TASK ▸ Line by line, copy the listing below exactly.

EXTRACTED ENTRIES ▸

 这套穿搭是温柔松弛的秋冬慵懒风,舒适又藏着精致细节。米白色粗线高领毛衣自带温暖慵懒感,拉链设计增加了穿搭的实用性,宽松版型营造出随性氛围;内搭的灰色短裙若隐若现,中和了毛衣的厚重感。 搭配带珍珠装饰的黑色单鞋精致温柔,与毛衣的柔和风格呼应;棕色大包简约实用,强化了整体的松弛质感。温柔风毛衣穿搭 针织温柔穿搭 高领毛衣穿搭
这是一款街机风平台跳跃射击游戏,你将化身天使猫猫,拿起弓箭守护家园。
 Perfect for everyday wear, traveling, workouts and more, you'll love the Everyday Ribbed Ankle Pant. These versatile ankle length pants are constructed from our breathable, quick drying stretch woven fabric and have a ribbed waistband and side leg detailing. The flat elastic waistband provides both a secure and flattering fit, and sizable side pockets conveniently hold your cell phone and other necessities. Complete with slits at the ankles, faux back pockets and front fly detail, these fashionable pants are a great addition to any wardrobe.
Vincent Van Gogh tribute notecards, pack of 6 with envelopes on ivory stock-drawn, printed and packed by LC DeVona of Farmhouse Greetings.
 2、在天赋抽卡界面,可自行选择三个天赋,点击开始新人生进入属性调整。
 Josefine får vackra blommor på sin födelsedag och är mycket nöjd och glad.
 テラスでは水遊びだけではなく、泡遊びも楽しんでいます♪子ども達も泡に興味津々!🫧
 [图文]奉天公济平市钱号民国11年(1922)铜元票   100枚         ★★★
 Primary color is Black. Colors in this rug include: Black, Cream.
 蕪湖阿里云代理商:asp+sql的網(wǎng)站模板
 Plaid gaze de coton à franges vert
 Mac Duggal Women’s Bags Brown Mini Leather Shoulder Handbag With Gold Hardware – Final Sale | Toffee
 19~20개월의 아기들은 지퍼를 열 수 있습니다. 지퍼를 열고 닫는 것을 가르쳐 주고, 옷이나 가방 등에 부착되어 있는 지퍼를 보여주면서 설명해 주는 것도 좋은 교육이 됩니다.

SOLVED PROBLEM ▸
 这套穿搭是温柔松弛的秋冬慵懒风,舒适又藏着精致细节。米白色粗线高领毛衣自带温暖慵懒感,拉链设计增加了穿搭的实用性,宽松版型营造出随性氛围;内搭的灰色短裙若隐若现,中和了毛衣的厚重感。 搭配带珍珠装饰的黑色单鞋精致温柔,与毛衣的柔和风格呼应;棕色大包简约实用,强化了整体的松弛质感。温柔风毛衣穿搭 针织温柔穿搭 高领毛衣穿搭
这是一款街机风平台跳跃射击游戏,你将化身天使猫猫,拿起弓箭守护家园。
 Perfect for everyday wear, traveling, workouts and more, you'll love the Everyday Ribbed Ankle Pant. These versatile ankle length pants are constructed from our breathable, quick drying stretch woven fabric and have a ribbed waistband and side leg detailing. The flat elastic waistband provides both a secure and flattering fit, and sizable side pockets conveniently hold your cell phone and other necessities. Complete with slits at the ankles, faux back pockets and front fly detail, these fashionable pants are a great addition to any wardrobe.
Vincent Van Gogh tribute notecards, pack of 6 with envelopes on ivory stock-drawn, printed and packed by LC DeVona of Farmhouse Greetings.
 2、在天赋抽卡界面,可自行选择三个天赋,点击开始新人生进入属性调整。
 Josefine får vackra blommor på sin födelsedag och är mycket nöjd och glad.
 テラスでは水遊びだけではなく、泡遊びも楽しんでいます♪子ども達も泡に興味津々!🫧
 [图文]奉天公济平市钱号民国11年(1922)铜元票   100枚         ★★★
 Primary color is Black. Colors in this rug include: Black, Cream.
 蕪湖阿里云代理商:asp+sql的網(wǎng)站模板
 Plaid gaze de coton à franges vert
 Mac Duggal Women’s Bags Brown Mini Leather Shoulder Handbag With Gold Hardware – Final Sale | Toffee
 19~20개월의 아기들은 지퍼를 열 수 있습니다. 지퍼를 열고 닫는 것을 가르쳐 주고, 옷이나 가방 등에 부착되어 있는 지퍼를 보여주면서 설명해 주는 것도 좋은 교육이 됩니다.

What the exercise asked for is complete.